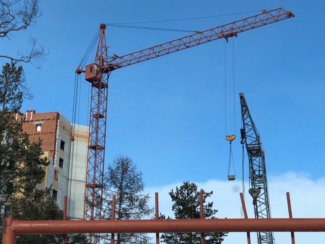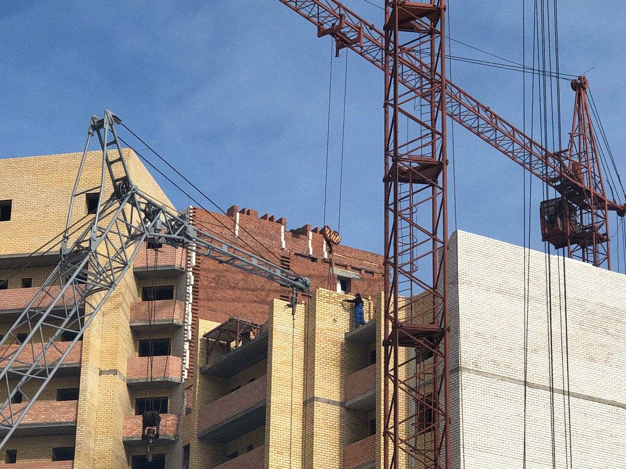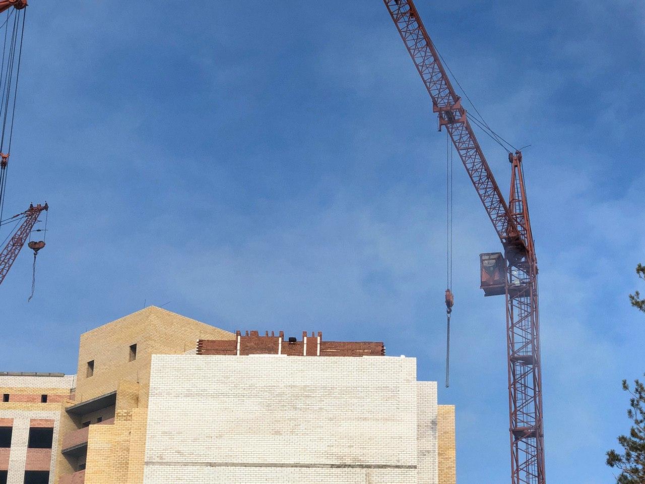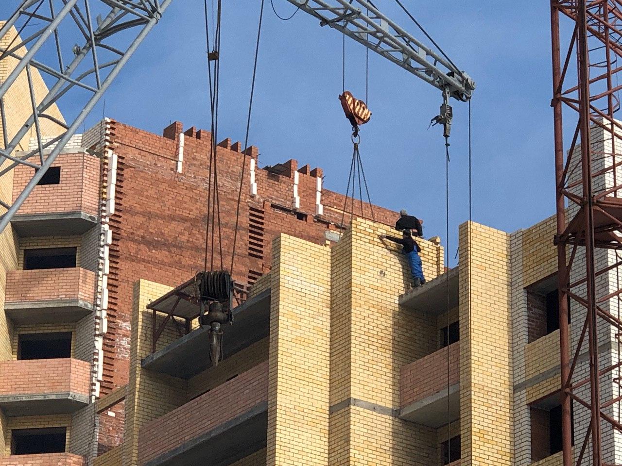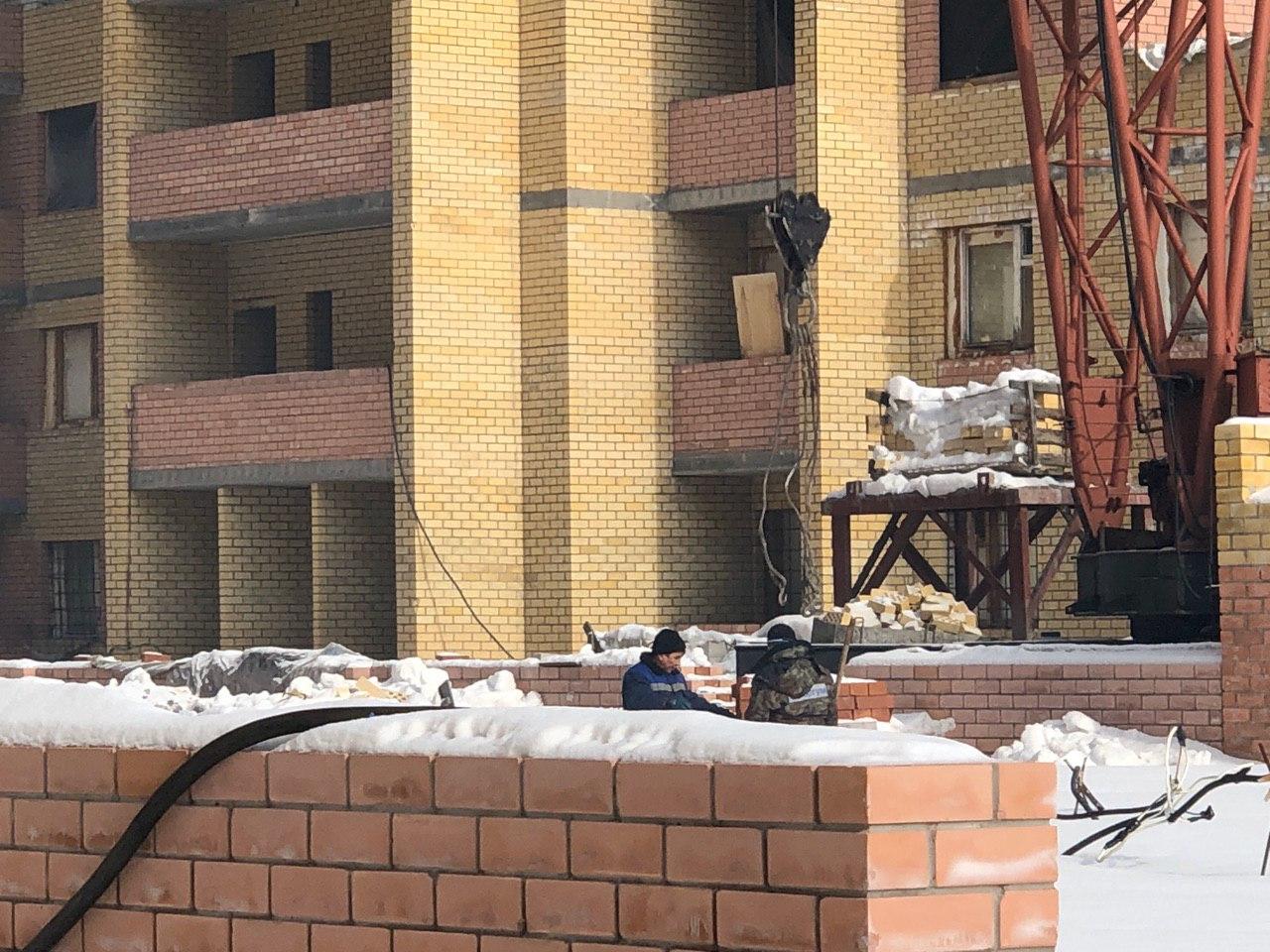 На строительной площадке находятся минимум 7 человек, работает 1 кран, 2 каменщика производят кладку 10 этажа 8 секции, 2 человека производят работы на крыше паркинга.
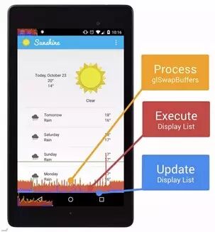 每一条柱状线都包含三部分,蓝色代表测量绘制Display List的时间,红色代表OpenGL渲染Display List所需要的时间,黄色代表CPU等待GPU处理的时间。
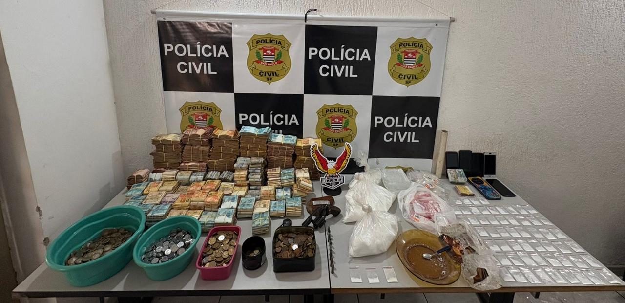 A maior surpresa foi a quantidade de dinheiro guardada no local. Após a contagem, foi confirmado o montante de R$ 475.430,00 em espécie, valor que reforça a suspeita de forte atuação no tráfico.
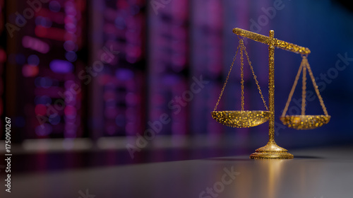Golden balance scale with glitter texture standing on a reflective surface against a blurred purple and blue background
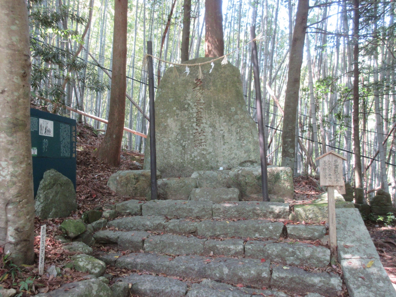 浜の王子社跡ということは熊野三所大神社の鳥居の横の碑にいろいろと説明しているのですが、境内のどこにあったのかわかりませんでした。後でインターネットで調べると、神社と渚の森駐車場の間の児童公園で「若宮跡、浜ノ宮王子社跡」と記した四角柱があるみたいです。補陀洛寺と熊野三所大神社は「渚の森公園」として整備され「渚の森駐車場」に案内板があるのですが、補陀洛寺の駐車場に車を停めたのでわかりませんでした。振分石(ふりわけいし)と呼ばれる石柱は「渚の森駐車場」のすみっこに案内板の横にあります。ここを訪れる時は先ずは「渚の森駐車場」からはじめるのが良いと思います。
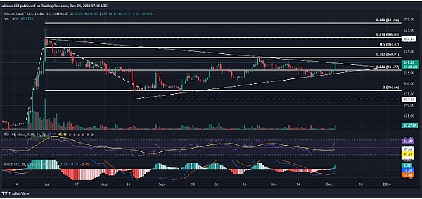 BCH 价格在 2023 年以小幅领先的方式跑赢比特币,准备将持续的上升趋势延续到 2023 年底的更高水平。比特币现金价格趋势同比增长 156%,在日线图上出现对称三角形突破。
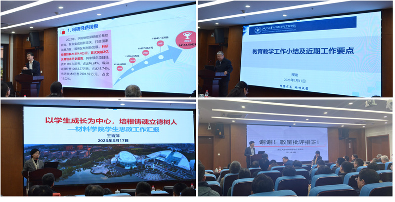 3月17日,材料科学与工程学院2023年全院教职工大会在紫金港校区材料新大楼顺利召开。这是材料学院有序完成跨校区搬迁后,第一次在新大楼召开学院全体教职工会议。学院杨德仁院士、叶志镇院士,学院领导班子成员,各研究所/中心、机关等全体教职工参加会议。会议由专聘副院长吴浩斌主持。
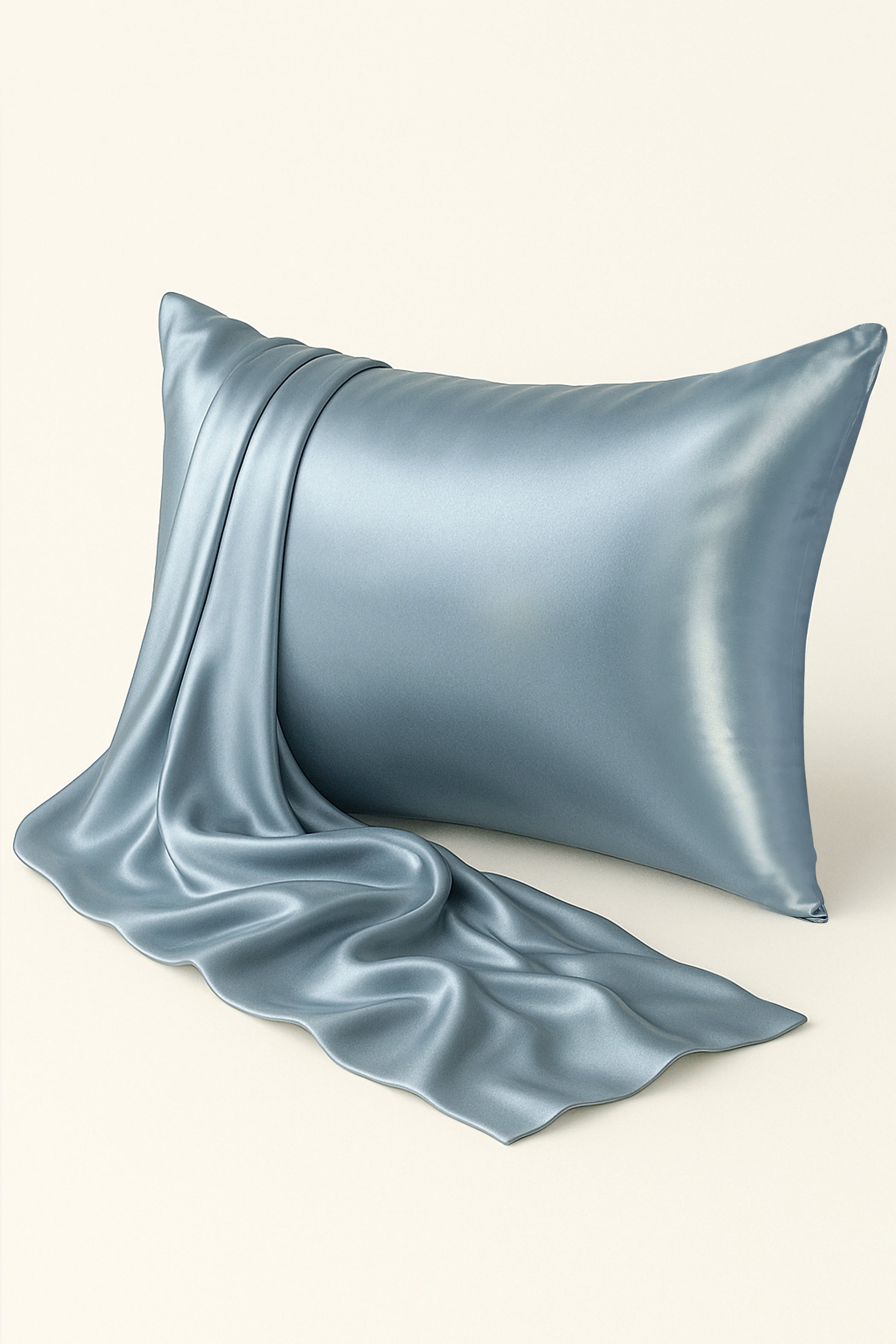 Elevate your bedding with this king size haze blue silk pillowcase, where color meets comfort. The spacious cut and silky-soft surface give you room to stretch and relax, while the elegant envelope closure keeps everything tucked neatly. A modern favorite among those seeking a silk pillowcase for hair and skin, especially in dry or sensitive climates.

→ **PROBLEM STATEMENT**
Please output exactly the lines of the data above, from its first line through the line with "Golden balance scale", and nothing else; drop the pictures.

→ **ANSWER BELOW**
 На строительной площадке находятся минимум 7 человек, работает 1 кран, 2 каменщика производят кладку 10 этажа 8 секции, 2 человека производят работы на крыше паркинга.
 每一条柱状线都包含三部分,蓝色代表测量绘制Display List的时间,红色代表OpenGL渲染Display List所需要的时间,黄色代表CPU等待GPU处理的时间。
 A maior surpresa foi a quantidade de dinheiro guardada no local. Após a contagem, foi confirmado o montante de R$ 475.430,00 em espécie, valor que reforça a suspeita de forte atuação no tráfico.
Golden balance scale with glitter texture standing on a reflective surface against a blurred purple and blue background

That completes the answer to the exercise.